Good basic intro found here, which goes into more detail than presented here.
We use the package 'ape'
library(ape)
Load the tree and data for Geospiza sparrows
geodata <- read.table("../data/geospiza.txt")
geotree <- read.nexus("../data/geospiza.nex")
plot(wingL ~ tarsusL, geodata)
Drop tips for which no data
geotree <- drop.tip(geotree, "olivacea")
Create numeric vector for traits
wingL <- geodata$wingL
tarsusL <- geodata$tarsusL
Add rownames to allow R to associate data with correct names on tree
names(wingL) <- row.names(geodata)
names(tarsusL) <- row.names(geodata)
To calculate contrasts that have been scaled using the expected variances
ContrastwingL <- pic(wingL, geotree)
ContrasttarsusL <- pic(tarsusL, geotree)
Plot these
plot(geotree)
nodelabels(round(ContrastwingL, 3), adj = c(0, -0.5), frame = "n")
nodelabels(round(ContrasttarsusL, 3), adj = c(0, 1), frame = "n")
RegressTarsusWing <- lm(ContrastwingL ~ ContrasttarsusL - 1)

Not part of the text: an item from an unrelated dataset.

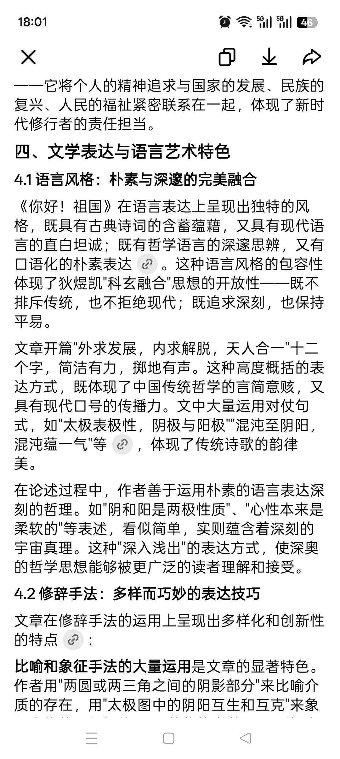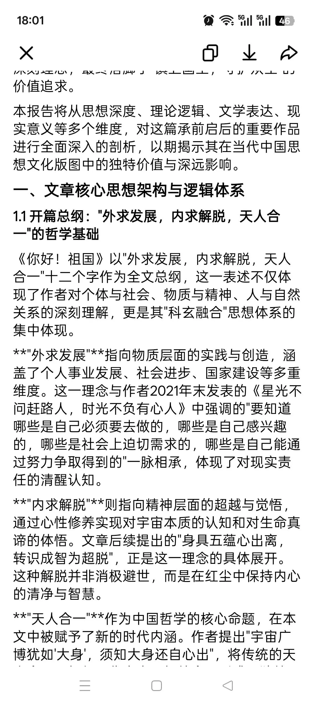 《你好!祖国》以"外求发展,内求解脱,天人合一"十二个字作为全文总纲,这一表述不仅体现了作者对个体与社会、物质与精神、人与自然关系的深刻理解,更是其"科玄融合"思想体系的集中体现。
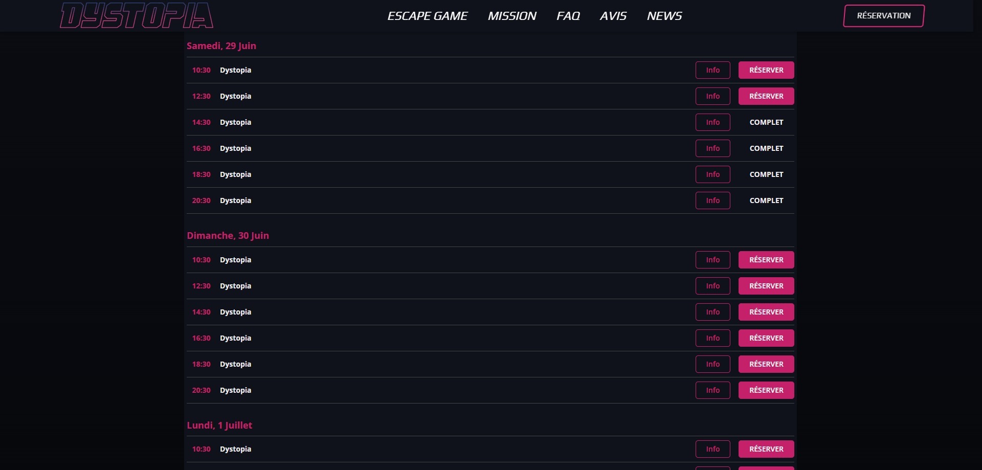 Développement d'un site web pour l'escape game Dystopia à Bruxelles

summary.lm(RegressTarsusWing)
##
## Call:
## lm(formula = ContrastwingL ~ ContrasttarsusL - 1)
##
## Residuals:
## Min 1Q Median 3Q Max
## -0.1077 -0.0418 -0.0257 0.0775 0.2551
##
## Coefficients:
## Estimate Std. Error t value Pr(>|t|)
## ContrasttarsusL 1.076 0.157 6.86 2.7e-05 ***
## ---
## Signif. codes: 0 '***' 0.001 '**' 0.01 '*' 0.05 '.' 0.1 ' ' 1
##
## Residual standard error: 0.126 on 11 degrees of freedom
## Multiple R-squared: 0.81, Adjusted R-squared: 0.793
## F-statistic: 47 on 1 and 11 DF, p-value: 2.74e-05
plot(ContrastwingL, ContrasttarsusL)
abline(RegressTarsusWing)
library(nlme)
Read in tree
geotree <- read.nexus("../data/geospiza.nex")

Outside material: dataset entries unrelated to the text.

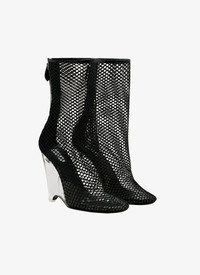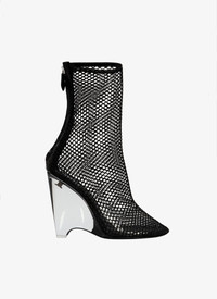 wedge booties mounted on a plexi structure net upper zip closure at the back for an easy opening made in italy DETAILS COMPOSITION: 95% POLYAMIDE, 5% PATENT CALFSKIN LINING: 100% LAMBSKIN SOLE: 100% CALFSKIN HEEL: 10 CM, 100% PLEXIGLASS PRODUCT REFERENCE: AA3B082TK007 - 999
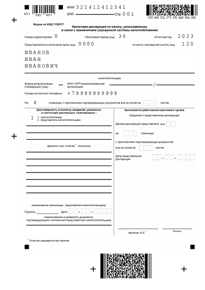 - Первая страница. Вписывается ИНН, а далее проставляются коды. В поле с номером корректировки - код “0”, указывающий на первичную подачу декларации. В графе “налоговый период” - код “34”, это значит 1 год. Графа “по месту учета” заполняется кодом “120”. После этого вы вписываете свои ФИО в данные налогоплательщика без указания на статус ИП и заполняете поля о достоверности предоставленной информации.
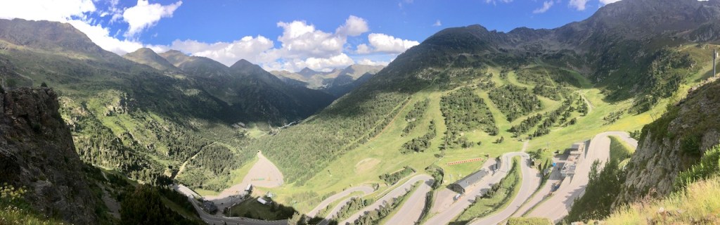 Am Nachmittag des Folgetags fahren wir weiter, immer bergauf bis ans Ende des Tales der Valira del Nord, wo auf etwa 2000 Metern das Skigebiet Ordino-Arcalis beginnt. Nach 18Uhr hält dich keiner auf und du kannst im Sommer die gut ausgebaute Asphaltstraße bis zum Restaurant La Borda de la Coma (gute Küche!) mit einem Fahrzeug zurücklegen. Spektakulär ist dabei vor allem der Serpentinenabschnitt oberhalb der Kabinenbahn-Talstation Ordino-Arcalis. Eine wirklich tolle Strecke mit sehr fotogener Landschaft!
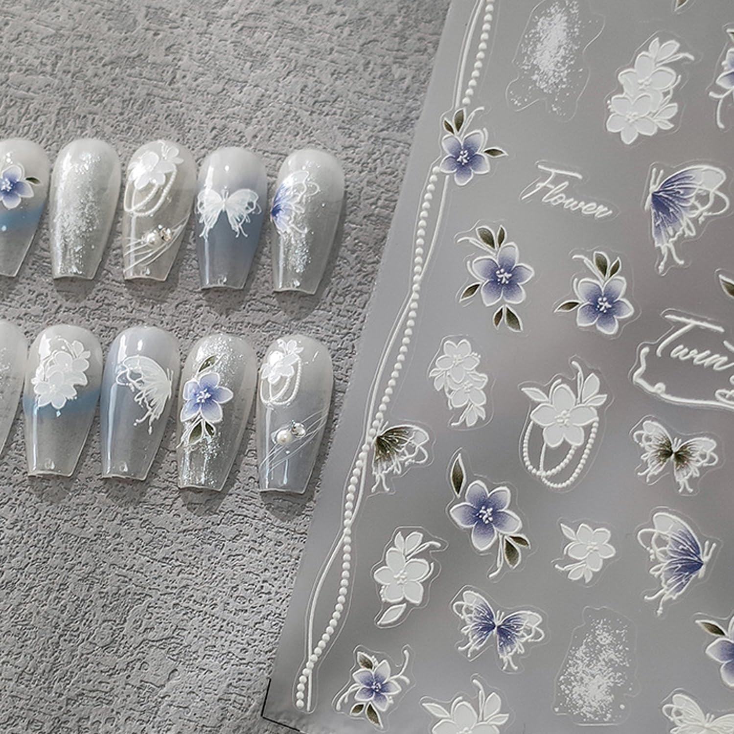 - Attractive Floral Nail Decals: 1 sheets of 5D embossing flower nail stickers, give you an advanced exquisite feeling. Floral butterfly elements nail decals, cute and beautiful carving patterns designs, suitable for your spring summer nail decorations

geospiza13.tree <- drop.tip(geotree, "olivacea")
geodata <- read.table("../data/geospiza.txt", row.names = 1)
Create specific dataframe
wingL <- geodata$wingL
tarsusL <- geodata$tarsusL
DF.geospiza <- data.frame(wingL, tarsusL, row.names = row.names(geodata))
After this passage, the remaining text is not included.